Why Choose Navy Federal Credit Union for a Personal Loan?

Personal loans Navy Federal Credit Union offers are often more accessible for military families and their dependents. Because they are a not-for-profit financial institution, Navy Federal can offer competitive personal loans rates and flexible terms.

Key benefits include:

  • Loan amounts from $250 to $50,000
  • Fixed interest rates and no prepayment penalties
  • Optional joint applications to boost approval chances
  • Same-day funding available for eligible borrowers

You can explore current loan terms and eligibility criteria at the Navy Federal homepage.

When a Personal Loan Makes Sense

A personal loan can help cover large expenses, consolidate high-interest debt, or fund major life events.
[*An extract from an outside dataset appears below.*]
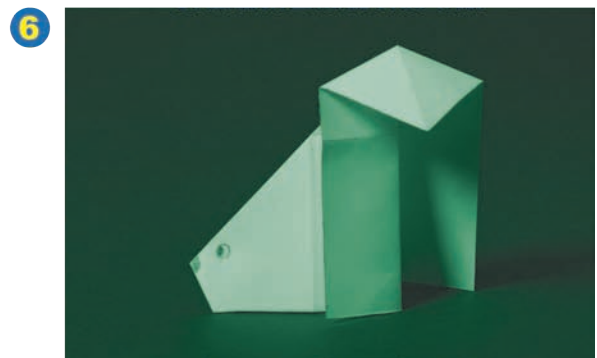
畫上眼睛及鼻子，完成 Draw eyes on two sides and a nose to finish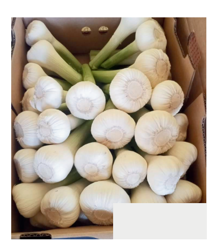
garlic high quality

However, it's important to match your financial goals with the right type of loan and lender.

Situations where a personal loan may be helpful:

  • Consolidating credit card debt
  • Financing a home repair
  • Covering emergency expenses
  • Paying medical bills
  • Funding a wedding or family event

Before you apply, calculate how much you need and whether your monthly budget can comfortably handle the repayments. Tools on Money Under 30 can help you estimate your loan affordability.
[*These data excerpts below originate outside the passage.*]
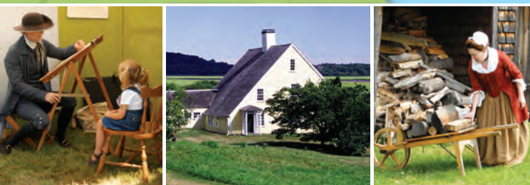
LEFT: Photo by Rex Passion. CENTER: R. Heath / Courtesy of The Trustees of Reservations. RIGHT: Photo by Rex Passion.

Enjoy free programming at all sites on June 4 th !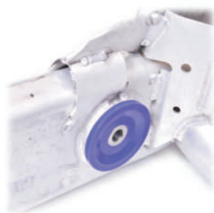
Front of car (Diff)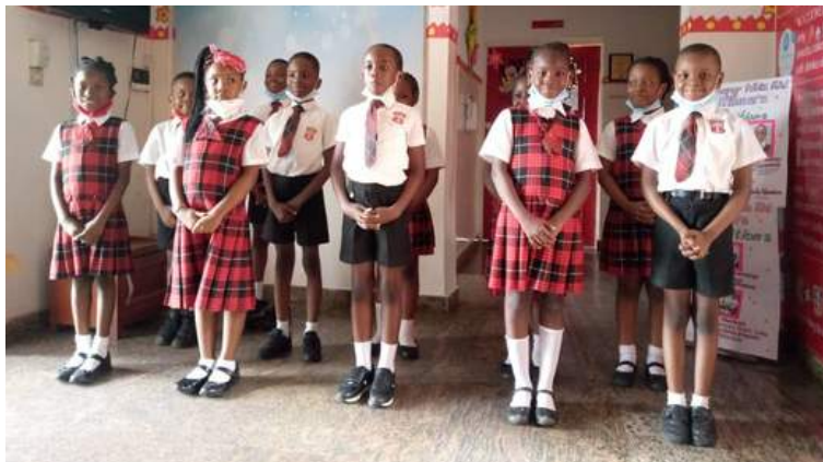
It's all about Safety with Grade 2 Pupils.

What Lenders Look For Beyond Credit Score

While your credit score plays a central role in personal loan approval, it isn’t the only factor lenders consider. They may also review:

  • Income and employment status
  • Debt-to-income (DTI) ratio
  • Loan purpose
  • Current credit accounts and inquiries

Some online lenders and credit unions use soft credit checks for pre-qualification, allowing you to see estimated rates without affecting your score. Others may allow co-signers or secured loans for applicants with weaker profiles.

For more on how underwriting decisions are made, visit LendingTree.

Common Mistakes to Avoid When Applying

To maximize your chances of approval and avoid setbacks:

  • Don’t apply with multiple lenders in a short period
  • Avoid overstating your income
  • Do not close old credit cards right before applying
  • Check for errors on your credit report
  • Shop around before accepting a loan offer

Fixing these small errors ahead of time can make the loan process smoother and reduce your interest rate. For step-by-step tips, The College Investor has an easy-to-follow checklist.

Final Thoughts

Understanding the relationship between your credit score and personal loan options is essential for making smart financial decisions. Your score not only affects whether you're approved but also impacts the loan amount and interest rate.

If your score isn’t ideal, don’t panic. Taking steps to improve your credit before applying, or choosing a lender like Navy Federal Credit Union, can increase your chances of securing a loan on favorable terms.

Compare personal loans rates, use tools to estimate your monthly payments, and shop around before making a final decision. With the right preparation, your personal loan can be a powerful tool to improve your financial well-being.